▶ [Problem to solve]: Skipping any pictures, repeat exactly and only the lines from the one that holds "Bước 1. Truy cập danh mục Hàng hóa" to the last line of the material, both included.

▶ [Records provided]:
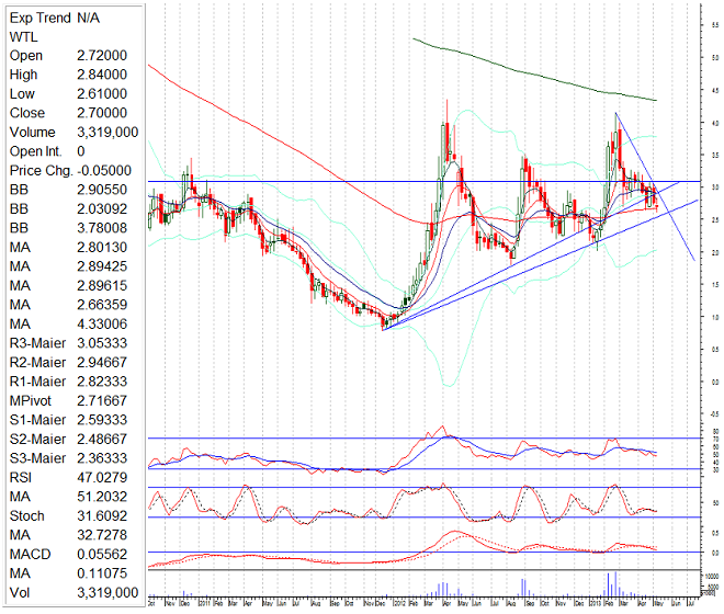 Our Mid Term Prefrence: Buy WTL as long as 2.62 is sustained as support with strict stop loss of 2.36 and profit target at 3.23 and 4.50
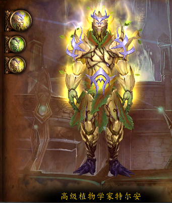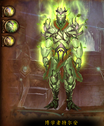 BOSS综述:[高级植物学家特尔安]会使用奥术、自然和日光魔法来保卫他的花园,他的剩余生命值到达75%和50%的时候,他会分离自己的能量,形成某个特定魔法系的强化形体,每个形体都会夺走他施放该系魔法的能力,但是会令那个形体获得新技能。
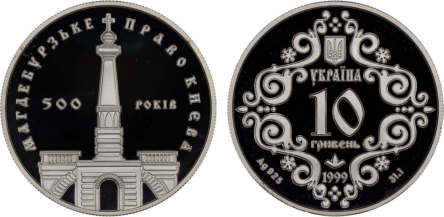 UKRAINE: Republic, AR 10 hryven, 1999, KM-87, Spiritual Treasures of Ukraine Series - 500th Anniversary of Kyiv's Magdeburg Law, struck at the Uranian mint, Kyiv, Proof.
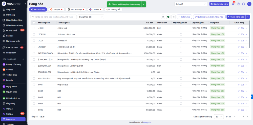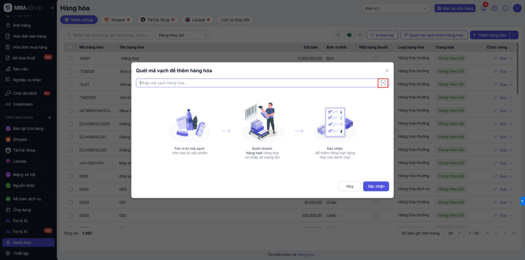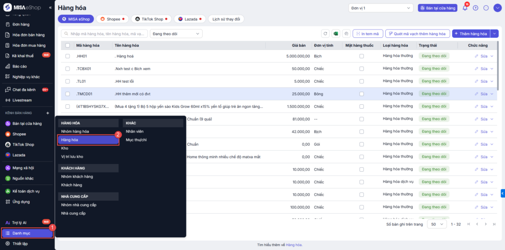 Bước 1. Truy cập danh mục Hàng hóa
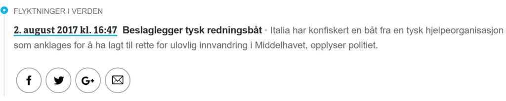 Natt til 2. august ble skipet Iuventa, som den tyske «humanitære» organisasjonen Jugend Rettet benytter i migranttrafikken mellom Libya og Italia, tatt i arrest av italiensk kystvakt utenfor Lampedusa og ført til havn. Dette rapporterte Christian Skaug her på Document samme morgen. Over et halvt døgn senere rapporterer NTB: Italia beslaglegger tysk redningsbåt. Saken publiseres av et par-tre lokalaviser, Klassekampen og ABC Nyheter. NRK har faktisk en egen sak på ettermiddagen. La du ikke merke til den? Ikke så rart, den befinner seg i kanalens nyhetsfeed, og består av èn (1) setning:

▶ [Result]:
 Bước 1. Truy cập danh mục Hàng hóa
 Natt til 2. august ble skipet Iuventa, som den tyske «humanitære» organisasjonen Jugend Rettet benytter i migranttrafikken mellom Libya og Italia, tatt i arrest av italiensk kystvakt utenfor Lampedusa og ført til havn. Dette rapporterte Christian Skaug her på Document samme morgen. Over et halvt døgn senere rapporterer NTB: Italia beslaglegger tysk redningsbåt. Saken publiseres av et par-tre lokalaviser, Klassekampen og ABC Nyheter. NRK har faktisk en egen sak på ettermiddagen. La du ikke merke til den? Ikke så rart, den befinner seg i kanalens nyhetsfeed, og består av èn (1) setning:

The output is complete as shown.